Lachen konnte man eher selten bei den Filmen des Astrafilm-Festivals. Vielmehr wurden dramatische Lebensverhältnisse dargestellt, wie jene im Film „Adieu Sauvage“ von Sergio Guataquira Sarmiento. Im Doku dringt er in das Leben der Cácuas ein, ein indigener Volksstamm in Kolumbien, in dem es eine rätselhafte Selbstmordwelle gibt. Unterwegs kann das Publikum sehr viel über diese Bevölkerungsgruppe erfahren. Da gibt es Einblicke in das Leben dieser indigenen Menschen, ihren Alltag. Auch der Glaube spielt eine Rolle. Die Natur ist diesen Menschen nicht nur physisch sehr nah. Sie ist auch ein fester Teil ihres Lebens und ihrer Weltanschauung. Das muss man nicht immer nachvollziehen können. Witzig ist beispielsweise die Szene, in der sich Sarmiento auf ein für unser Empfinden groteskes Ritual einlässt, um sein Schnarchen zu heilen.
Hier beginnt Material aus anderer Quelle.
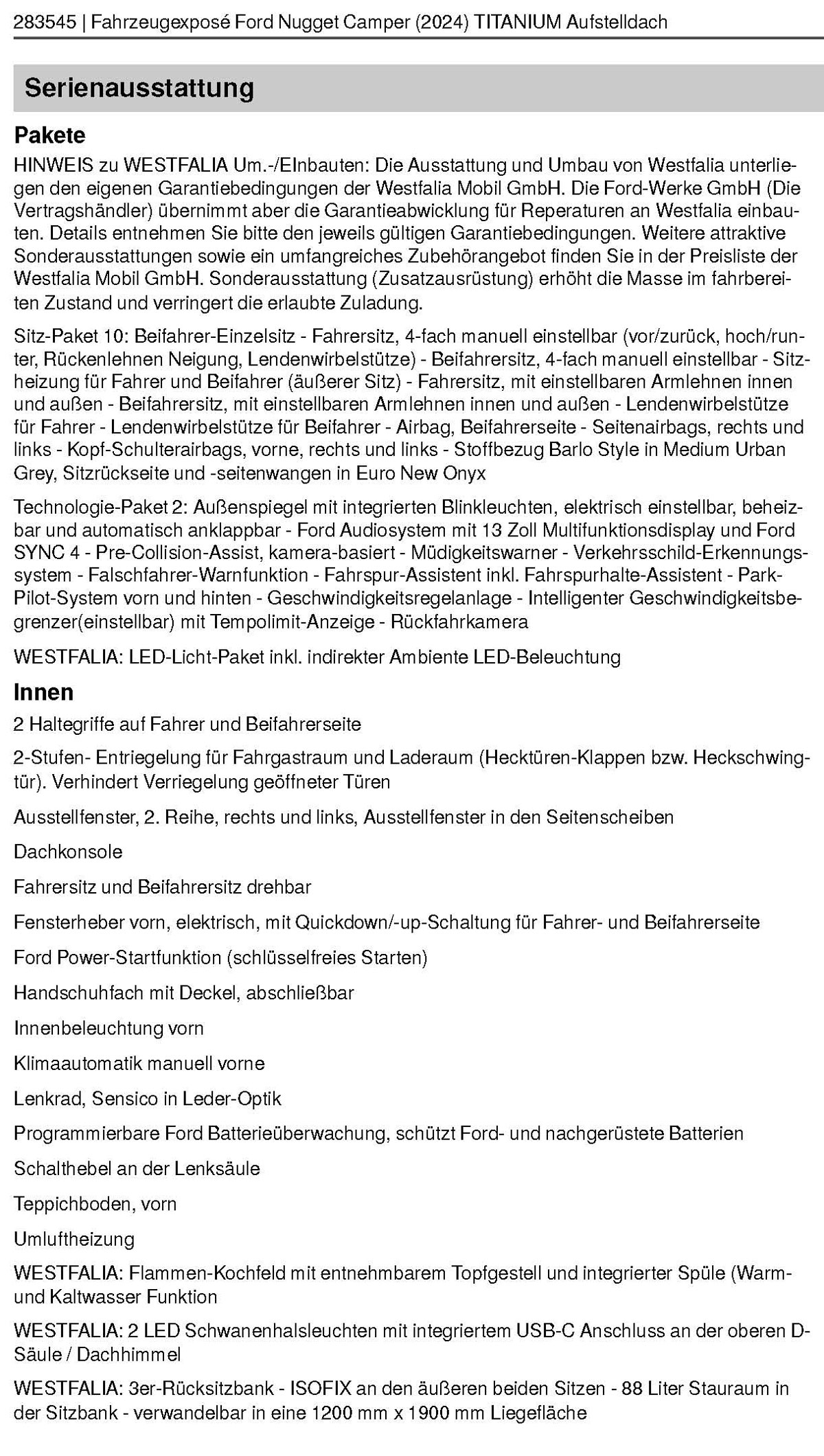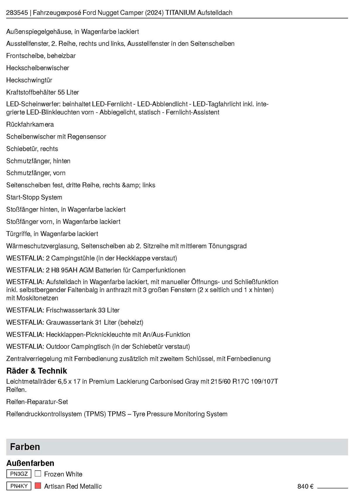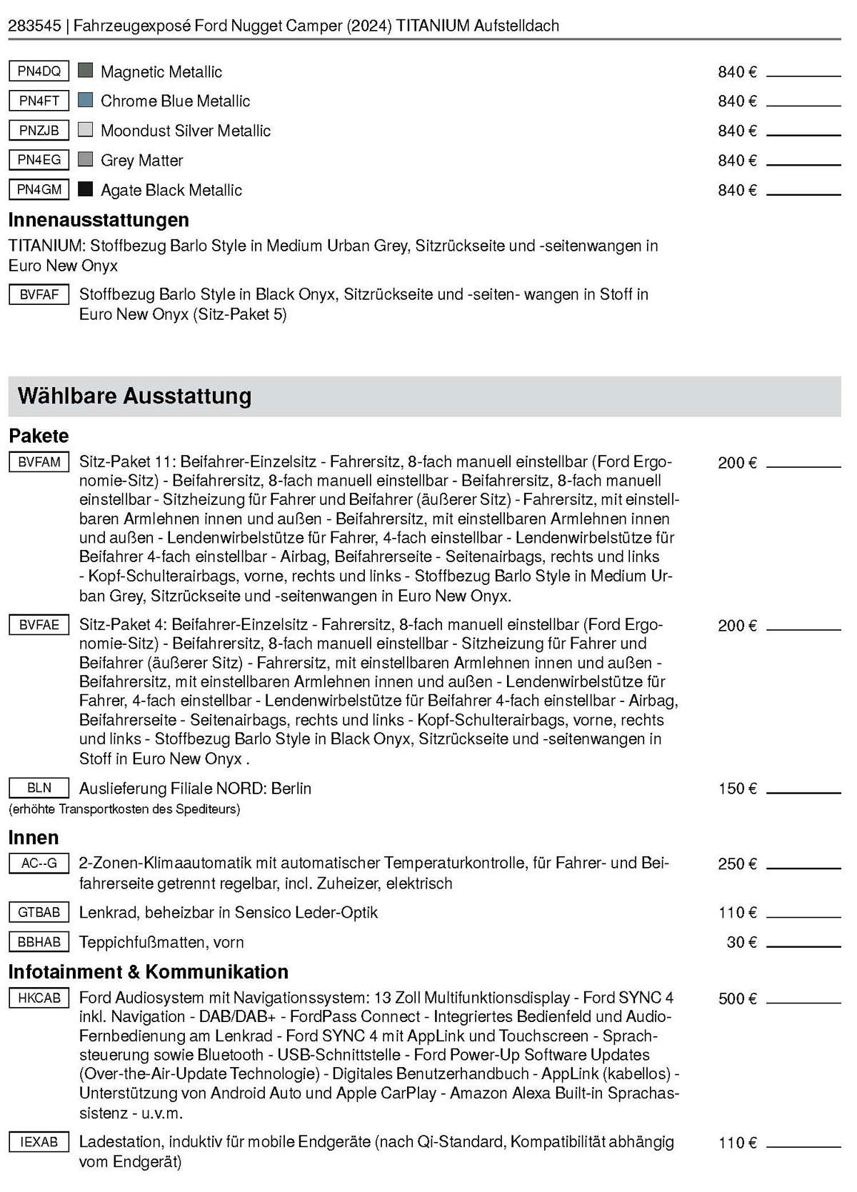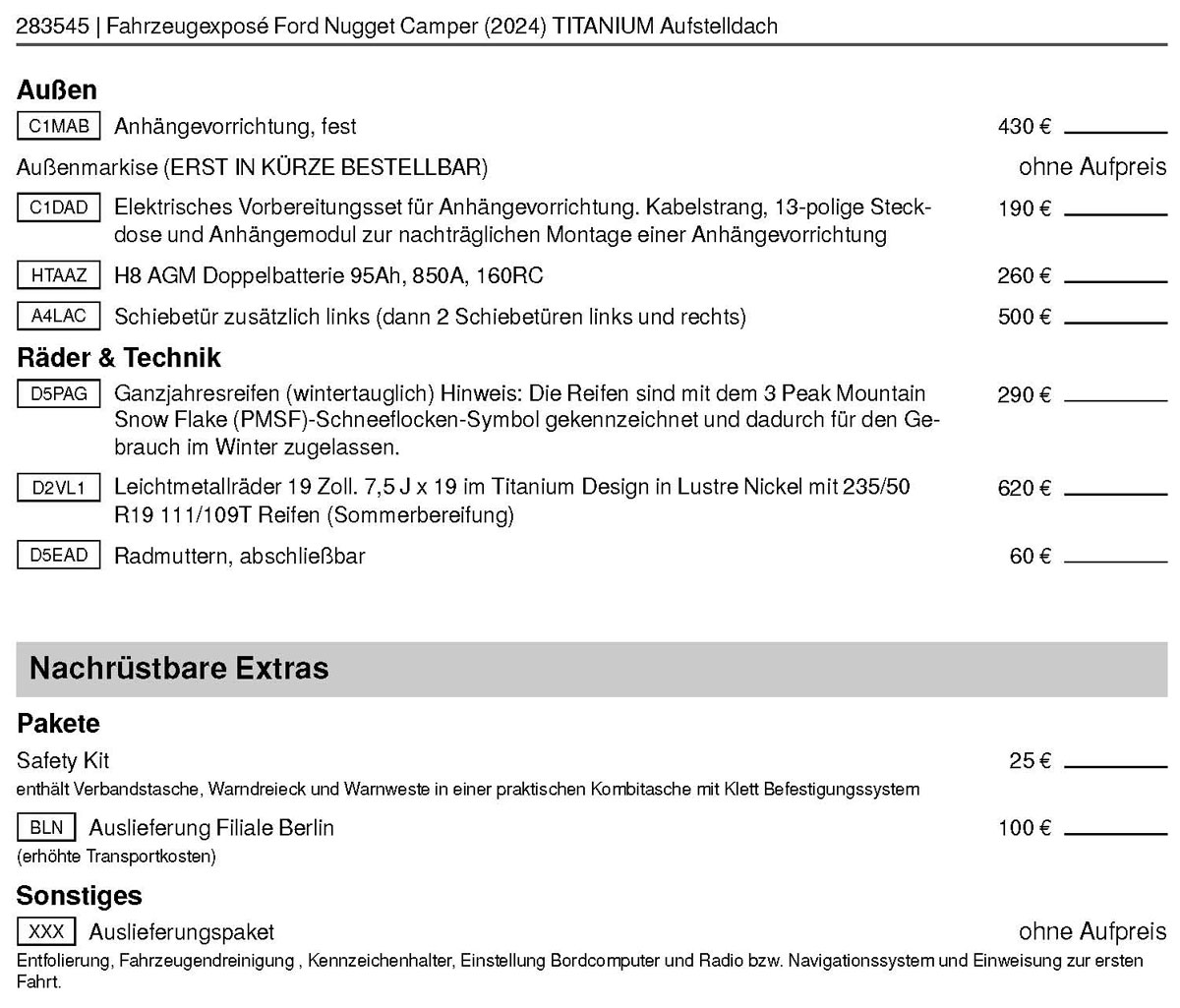 der Tabelle mit den "Optionalen Extras"

Etwas eigenartig empfanden einige Zuschauer die Wahl des Autors, den Film schwarz-weiß zu drehen. Der Amazonas-Regenwald hätte bestimmt in bunt noch besser ausgesehen. „Adieu Sauvage“ gewann beim Astrafilm-Festival den Preis für den besten Film in der Kategorie „Neue Generation der Filmemacher“.
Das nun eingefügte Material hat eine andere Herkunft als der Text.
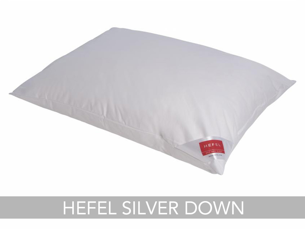 Hefel Silver Down to jedna z podstawowych a jednocześnie flagowych kolekcji bardzo delikatnych i miłych w dotyku kołder i poduszek puchowych wykonanych z najlepszego wyselekcjonowanego świeżego białego puchu gęsiego z puchoszczelnym pokryciem batystowym z bawełny egipskiej. Wypełnienie poduszki stanowi w 70% pierze gęsie oraz w 30% puch gęsi. Taki skład daje umiarkowaną miękkość oraz umiarkowaną wyporność.

Der beste Dokumentarfilm des Mittel- und Osteuropäischen Wettbewerbs kam aus Stalins Geburtsstadt Gori: „Aghdgoma” (Die Nordostwinde), in der Regie von Nikoloz Bezhanishvili (Georgien). Als die Statue von Josef Stalin vom Hauptplatz der Stadt weggetragen wird, kämpft eine Gruppe Nostalgiker dafür, diese wieder aufzustellen. Sie sammeln Unterschriften und streiten zwischendurch mit einer gleichgesinnten Partei, mit wenig Mitgliedern, die ebenfalls von der täglichen Realität überfordert sind. Die Jury begründete die Entscheidung: „,Wind des Wandels’ ist eine eindringliche, fesselnde und intime Studie über eine Gruppe älterer Menschen, die sich nach dem Kommunismus sehnen und entschlossen sind, die Erinnerung an Stalin in seiner und ihrer Geburtsstadt zu bewahren. Der Film, der die Männer und Frauen, die von der Geschichte geprägt wurden, mit viel Feingefühl porträtiert, ist kühn und doch feinfühlig und zeigt seine Figuren mit nüchternem Einfühlungsvermögen: weder als Helden oder Anti-Helden noch als Opfer. Was aus den geduldigen Beobachtungen und dem meisterhaften Schnitt entsteht, ist ein Film über Zugehörigkeit, Einsamkeit und kollektive Identität.“
In der Kategorie „Rumänien“ gewann der Film „Dulcele sărut al pământului“ von Gautier Gumpper. Die Entscheidung der Jury lautete: „Es ist ein Film, der die Schönheit des Lebens zeigt, das aus dem Kampf geboren wird, aus dem Wunsch, die Würde, die individuelle Integrität zu bewahren. In einem formal begrenzten, strengen Stil wird schrittweise und meisterhaft eine Erzählung über das Leben am Rande der Gesellschaft entwickelt. Mit Würde und poetischer Gestaltungskraft und unter virtuosem Einsatz filmischer Mittel schafft der Autor jene affektive Nähe zu seinem Protagonisten und verschafft dem Stimmlosen Gehör.”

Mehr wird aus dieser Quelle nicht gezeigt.